Unfortunatly to compile and use this code one has to modify the lucene source:

1. change all package-protected abstract method to public in Searcher.java

/** Frees resources associated with this Searcher. */
abstract public void close() throws IOException;

abstract int docFreq(Term term) throws IOException;
abstract int maxDoc() throws IOException;
abstract TopDocs search(Query query, Filter filter, int n)
throws IOException;


/** Frees resources associated with this Searcher. */
public abstract void close() throws IOException;

public abstract int docFreq(Term term) throws IOException;
public abstract int maxDoc() throws IOException;
public abstract TopDocs search(Query query, Filter filter, int n)
throws IOException;

2 change package protected TopDocs to public (in TopDocs.java)
final class TopDocs { --> public final class TopDocs {


Or you can use the modified files I've attached.
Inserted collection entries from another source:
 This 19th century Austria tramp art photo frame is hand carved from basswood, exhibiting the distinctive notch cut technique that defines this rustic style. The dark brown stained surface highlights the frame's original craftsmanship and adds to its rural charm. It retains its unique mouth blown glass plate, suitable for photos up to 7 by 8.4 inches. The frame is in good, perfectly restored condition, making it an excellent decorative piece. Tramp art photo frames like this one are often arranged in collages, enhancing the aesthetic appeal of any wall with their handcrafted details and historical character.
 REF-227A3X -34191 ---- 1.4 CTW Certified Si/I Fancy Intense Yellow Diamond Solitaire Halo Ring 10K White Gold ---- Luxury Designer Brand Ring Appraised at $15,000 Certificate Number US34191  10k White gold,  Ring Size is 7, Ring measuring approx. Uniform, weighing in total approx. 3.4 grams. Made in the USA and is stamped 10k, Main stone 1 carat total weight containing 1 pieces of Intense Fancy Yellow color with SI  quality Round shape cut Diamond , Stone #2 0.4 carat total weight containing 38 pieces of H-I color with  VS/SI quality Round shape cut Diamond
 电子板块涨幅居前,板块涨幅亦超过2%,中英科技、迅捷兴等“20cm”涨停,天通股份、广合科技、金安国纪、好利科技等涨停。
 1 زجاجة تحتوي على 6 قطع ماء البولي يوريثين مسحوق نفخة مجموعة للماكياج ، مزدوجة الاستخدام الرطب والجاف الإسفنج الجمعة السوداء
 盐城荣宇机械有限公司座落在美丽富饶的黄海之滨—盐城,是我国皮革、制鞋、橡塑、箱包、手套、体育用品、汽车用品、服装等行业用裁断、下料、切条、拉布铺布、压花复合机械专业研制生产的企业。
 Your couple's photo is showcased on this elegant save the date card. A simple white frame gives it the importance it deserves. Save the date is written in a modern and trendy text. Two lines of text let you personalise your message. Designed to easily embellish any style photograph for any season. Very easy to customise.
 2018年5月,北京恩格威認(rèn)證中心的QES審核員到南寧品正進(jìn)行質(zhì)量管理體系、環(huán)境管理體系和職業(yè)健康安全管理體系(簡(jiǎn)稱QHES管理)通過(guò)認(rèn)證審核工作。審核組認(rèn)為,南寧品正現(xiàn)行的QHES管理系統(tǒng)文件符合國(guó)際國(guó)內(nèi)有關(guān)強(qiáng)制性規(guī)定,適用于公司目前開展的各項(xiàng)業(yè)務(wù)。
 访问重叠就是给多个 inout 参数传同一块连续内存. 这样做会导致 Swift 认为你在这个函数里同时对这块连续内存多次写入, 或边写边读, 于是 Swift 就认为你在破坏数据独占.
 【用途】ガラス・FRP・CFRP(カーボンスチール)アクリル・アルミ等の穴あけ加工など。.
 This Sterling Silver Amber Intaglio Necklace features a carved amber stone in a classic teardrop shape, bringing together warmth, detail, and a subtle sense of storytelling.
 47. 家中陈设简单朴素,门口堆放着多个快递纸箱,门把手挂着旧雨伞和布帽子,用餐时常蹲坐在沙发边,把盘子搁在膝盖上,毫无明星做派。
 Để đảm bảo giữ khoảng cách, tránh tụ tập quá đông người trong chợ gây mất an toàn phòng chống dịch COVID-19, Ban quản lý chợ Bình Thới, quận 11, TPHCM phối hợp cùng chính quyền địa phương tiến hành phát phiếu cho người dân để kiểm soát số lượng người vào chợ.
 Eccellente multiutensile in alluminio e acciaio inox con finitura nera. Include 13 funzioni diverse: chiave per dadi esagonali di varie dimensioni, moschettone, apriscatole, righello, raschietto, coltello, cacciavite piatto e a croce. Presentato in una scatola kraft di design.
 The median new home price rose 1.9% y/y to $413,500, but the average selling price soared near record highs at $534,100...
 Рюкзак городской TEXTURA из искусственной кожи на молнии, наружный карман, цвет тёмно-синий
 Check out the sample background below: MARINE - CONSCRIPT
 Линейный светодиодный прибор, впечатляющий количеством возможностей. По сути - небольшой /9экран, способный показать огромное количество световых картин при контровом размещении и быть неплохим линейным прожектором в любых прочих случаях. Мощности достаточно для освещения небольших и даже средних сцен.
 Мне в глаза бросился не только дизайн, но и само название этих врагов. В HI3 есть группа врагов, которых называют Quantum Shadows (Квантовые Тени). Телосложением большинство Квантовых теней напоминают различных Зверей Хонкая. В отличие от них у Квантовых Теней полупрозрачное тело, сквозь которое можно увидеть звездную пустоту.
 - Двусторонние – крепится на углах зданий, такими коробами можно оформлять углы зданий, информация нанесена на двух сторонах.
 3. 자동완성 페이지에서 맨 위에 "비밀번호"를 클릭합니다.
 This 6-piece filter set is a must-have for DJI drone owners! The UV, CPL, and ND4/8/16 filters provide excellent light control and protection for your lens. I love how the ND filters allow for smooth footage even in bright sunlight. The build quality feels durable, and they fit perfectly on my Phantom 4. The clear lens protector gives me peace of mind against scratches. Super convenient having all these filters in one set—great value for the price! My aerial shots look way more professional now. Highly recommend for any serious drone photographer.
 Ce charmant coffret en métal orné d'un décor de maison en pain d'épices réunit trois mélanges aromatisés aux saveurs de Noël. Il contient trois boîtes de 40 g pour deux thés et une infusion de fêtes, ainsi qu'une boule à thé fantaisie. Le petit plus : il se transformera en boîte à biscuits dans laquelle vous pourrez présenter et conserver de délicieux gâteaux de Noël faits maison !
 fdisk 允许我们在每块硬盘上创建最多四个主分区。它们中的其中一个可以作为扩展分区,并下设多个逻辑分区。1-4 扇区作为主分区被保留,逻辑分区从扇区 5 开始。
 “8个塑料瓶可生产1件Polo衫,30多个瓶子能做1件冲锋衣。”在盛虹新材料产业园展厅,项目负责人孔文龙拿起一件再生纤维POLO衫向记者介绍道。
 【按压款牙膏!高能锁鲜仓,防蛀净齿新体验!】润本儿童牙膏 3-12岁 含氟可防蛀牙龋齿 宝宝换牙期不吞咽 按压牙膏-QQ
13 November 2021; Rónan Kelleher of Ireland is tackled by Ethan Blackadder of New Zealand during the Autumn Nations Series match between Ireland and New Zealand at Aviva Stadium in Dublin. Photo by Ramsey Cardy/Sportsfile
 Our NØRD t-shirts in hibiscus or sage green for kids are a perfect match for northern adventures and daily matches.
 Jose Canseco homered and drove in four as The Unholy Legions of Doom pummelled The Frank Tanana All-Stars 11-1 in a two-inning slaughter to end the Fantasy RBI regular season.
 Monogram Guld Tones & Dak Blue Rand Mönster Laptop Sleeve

I hope this code is helpful.

The main idea to have an interface SearcherSource something similar to DataSource in javax.sql. SearcherSource is responsible for creating searcher object. One implementation is SearcherCache that encapsulates the logic of caching searcher. IndexSearcherCache - as you might figure out - can cache IndexSearcher objects. Someone could implement a MultiSearcherCache class that manages... (recreates the searcher if one of the searchers need reopening).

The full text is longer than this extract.